Jewelry sales are similarly expected to rise, with 31.2% of respondents saying they would buy Mom silver, gold or diamonds. Total spending on jewelry is expected to reach $3 billion, a 19% increase over 2010 estimates.
“Americans are in a much better position to spend this year, and will push the daily stresses of high gas and food costs aside for one day to celebrate the most important women in the world to them,” NRF president and CEO Matthew Shay said in a press release.
The NRF said men are expected to spend a little bit more than women, with husbands and sons dropping an average of $168.84 on gifts.
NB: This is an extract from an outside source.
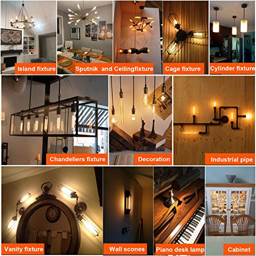?Smooth Dimmable&Skinny&Long?:5Inch long E26 edison bulb is smooth dimming 0%-100%,tested compatible with 95% Lutron,Leviton and Eaton dimmers,Such as Lutron Skylark,Davi,Toggler,Caseta,Maestro,Rotary Preset Dimmer,Leviton and Eaton SAL06P,etc;Narrow retro e26 light bulb suitable for most light fixture with medium E26 socket,especially for fixtures with light bulbs in rustic Pendant,Chandeliers,Sputnik,Island,Wall scones,Vanity,Cabinet,Industrial pipe fixture,piano desk lamp,etc.
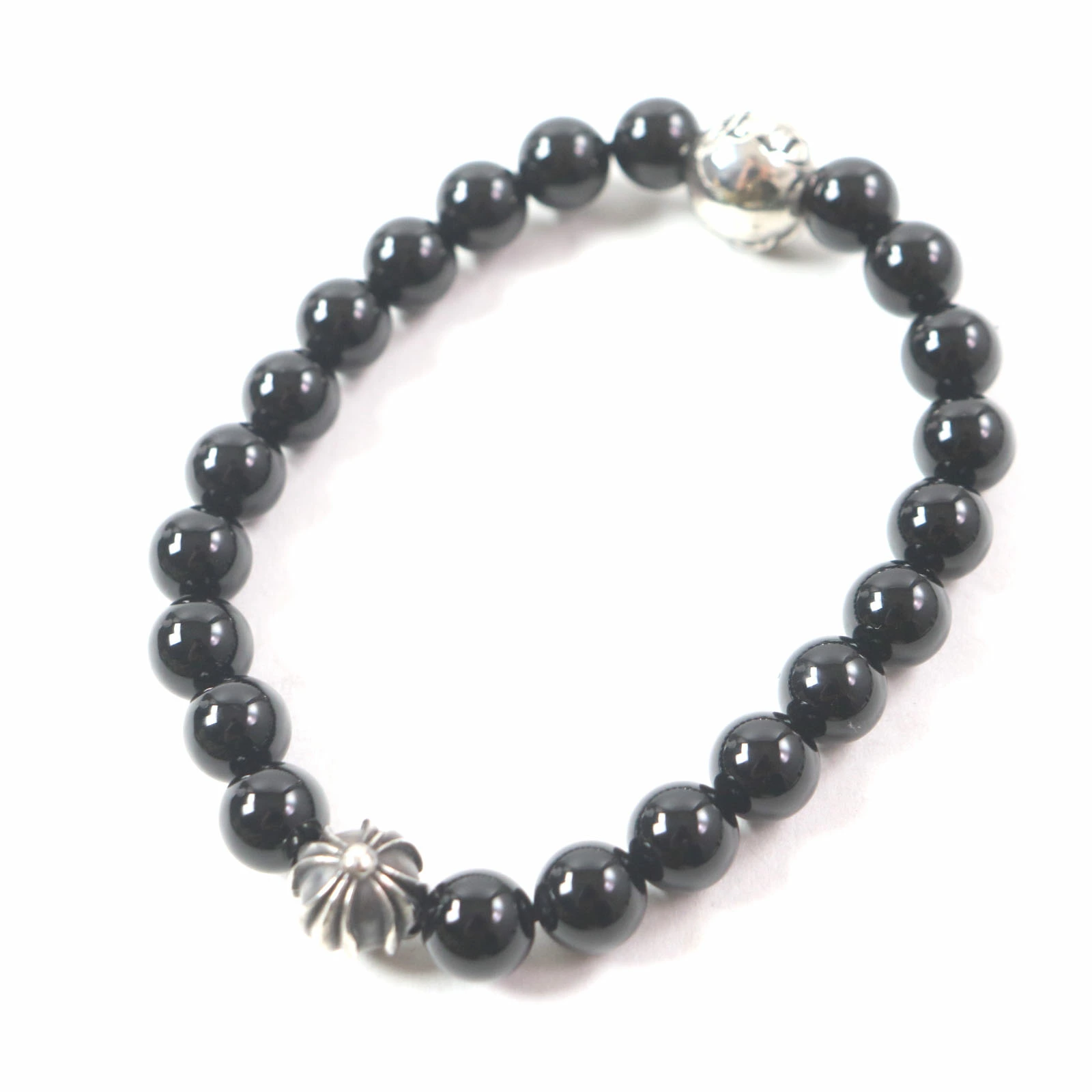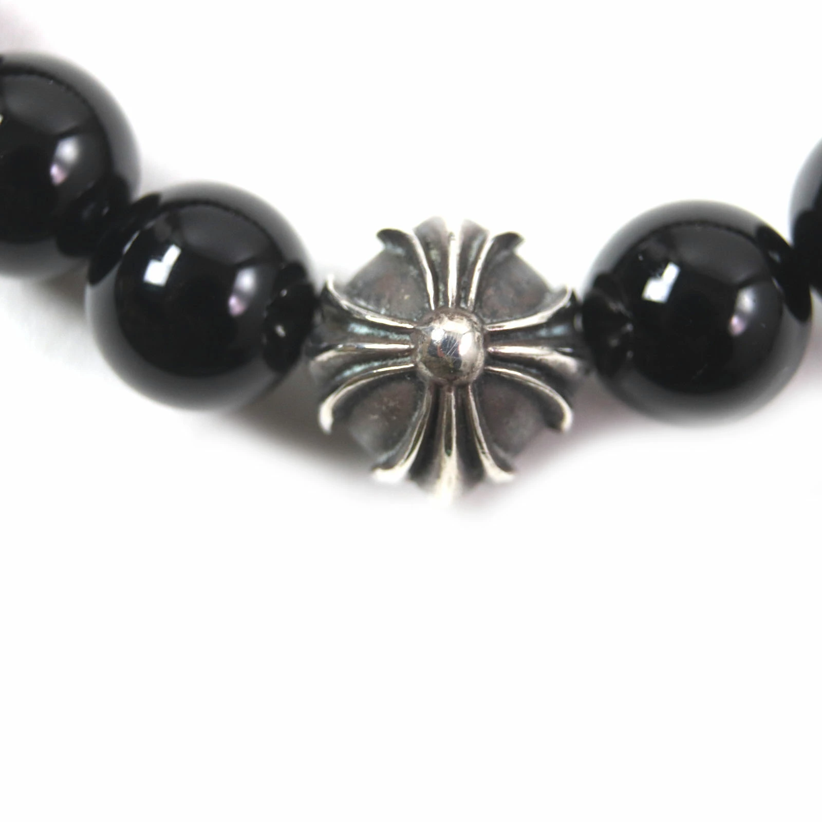 Excellent condition: CHROME HEARTS CH Plus BEAD bracelet with onyx, SV925, black and silver, 8mm. Men's and women's accessories. [Pre-owned]

Comparatively, mothers and daughters will spend $114.01.
In terms of spending habits by age, adults ages 25-34 will spend the most ($191.35), followed by 18- to 24-year-olds ($183.38) and 35- to 44-year-olds ($155.97).
The heightened spending among the 25-34 demographic is understandable considering that those who are celebrating Mother’s Day not only plan to pamper their mom, but also buy gifts for their wife (19.6%), daughter (9.6), grandmother (8.0%), sister (8.4%), friend (7.3%) or Godmother (1.8%).
Compared to other holidays, Mother’s Day is a cash cow for retailers, easily beating out this year’s estimates for Valentine’s Day ($15.7 billion), Easter Sunday ($14.6 billion) and St. Patrick’s Day (a paltry $4.14 billion).
“Families want to indulge mom this year,” said Phil Rist, the executive vice president of strategic initiatives at BIGresearch.